Structure-Based Mechanistic Insights into ColB1, a Flavoprotein Functioning in-trans in the 2,2'-Bipyridine Assembly Line for Cysteine Dehydrogenation.

Abstract

The recruitment of trans-acting enzymes by nonribosomal peptide synthetase (NRPS) assembly line is rarely reported. ColB1 is a flavin-dependent dehydrogenase that is recruited by an NRPS terminal condensation domain (Ct domain) and catalyzes peptidyl carrier protein (PCP)-tethered cysteine dehydrogenation in collismycin biosynthesis. We here report the crystal structure of ColB1 complexed with FAD and reveal a typical structural fold of acyl-CoA dehydrogenases (ACADs). However, ColB1 shows distinct structural features from ACADs in substrate recognition both at the entrance of and inside the active site.
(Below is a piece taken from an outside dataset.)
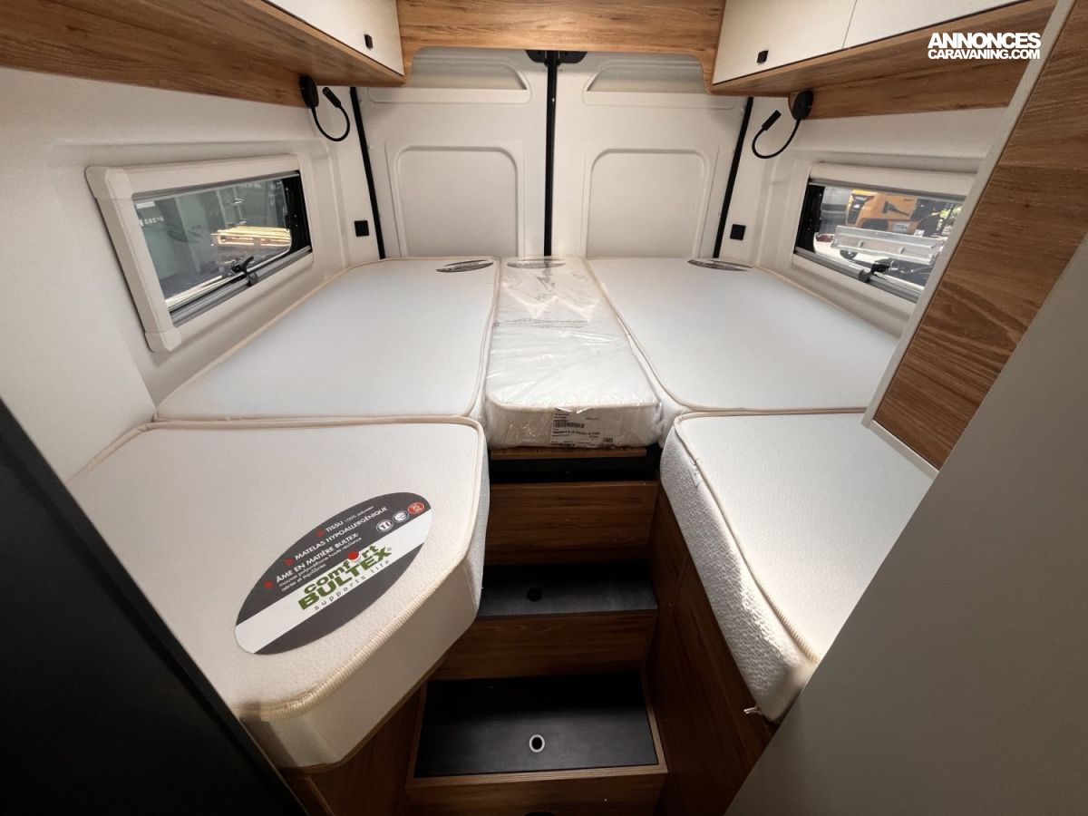 ABS - antiblocage des roues au freinage, Pack Energie, Pack Media 9’’, Pack luxe intérieur, Capteur de pluie et luminosité, Roue de secours, Réservoir 90 litres, Rétroviseurs électriques et dégivrants, Store, Pare-choc peint, Douchette, ESP, Housse de siège cabine, Moquette cabine, Niche dégagée, Capteur de pression des pneumatiques, Occultations Remis, Occultations cabine coulissantes frontale et latérales, Baie Salle de bain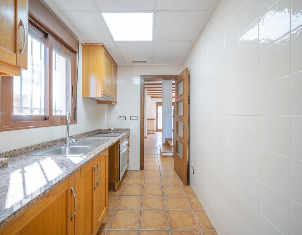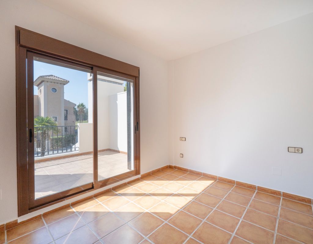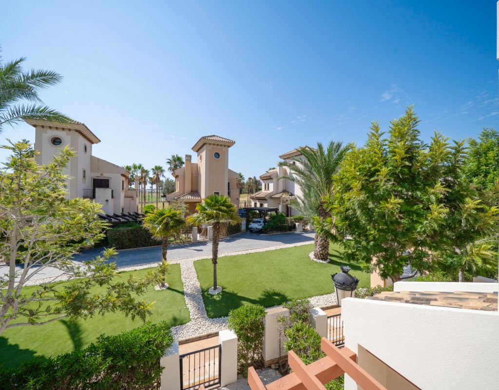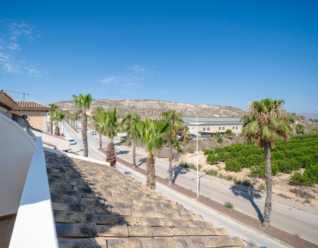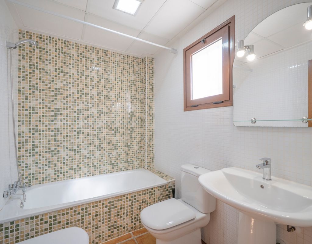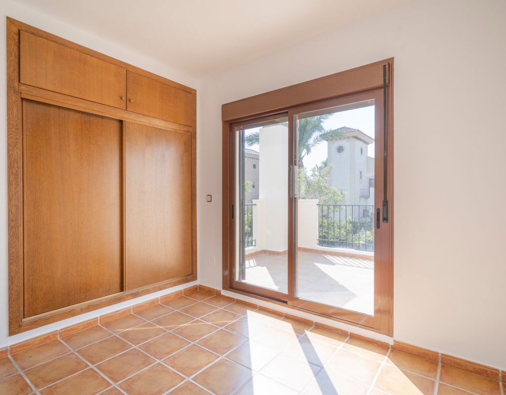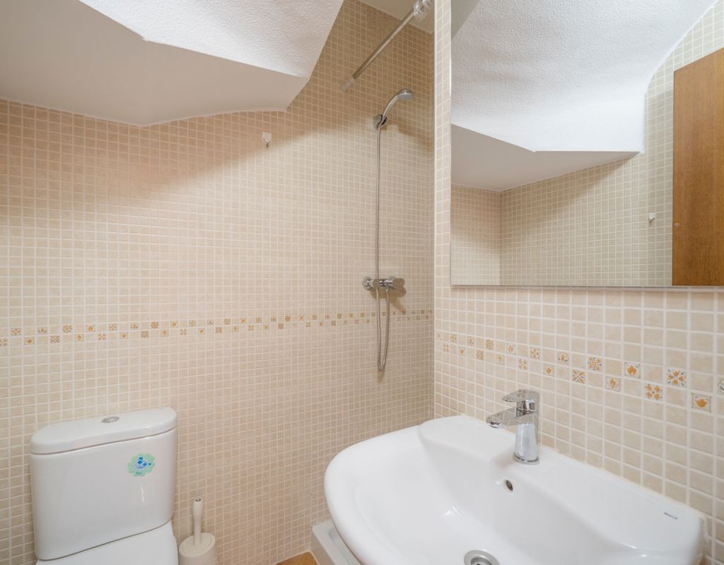 Terraced Bungalow in the "Paradise Golf" Residential Complex This charming terraced bungalow is located in the exclusive "Paradise Golf" complex and is ready to move into. The property features a front garden with parking space and a cozy rear porch with a barbecue, offering direct access to the living room. On the ground floor, you'll find a spacious living room with a fireplace, an independent kitchen with a utility room, one bedroom with a built-in wardrobe, and a bathroom with a shower. The first floor includes three bedrooms with built-in wardrobes — one with a balcony and the other with a lovely private terrace — as well as a full bathroom. On the top floor, there is a sunny solarium terrace with open views, perfect for relaxing or sunbathing. The complex offers a communal swimming pool. The bungalow has been recently painted and is in excellent condition. Sold unfurnished.

Site-directed mutagenesis and substrate modeling establish a Glu393-mediated catalytic mechanism, by which the cysteine substrate is sandwiched between Glu393 and FAD to facilitate Cα proton abstraction and Cβ hydride migration. A ColB1-PCP-Ct complex model is generated, providing structural basis for the unique recruitment interactions between ColB1 and the associated NRPS. These results add insights into the mechanisms by which trans-acting enzymes function in an assembly line.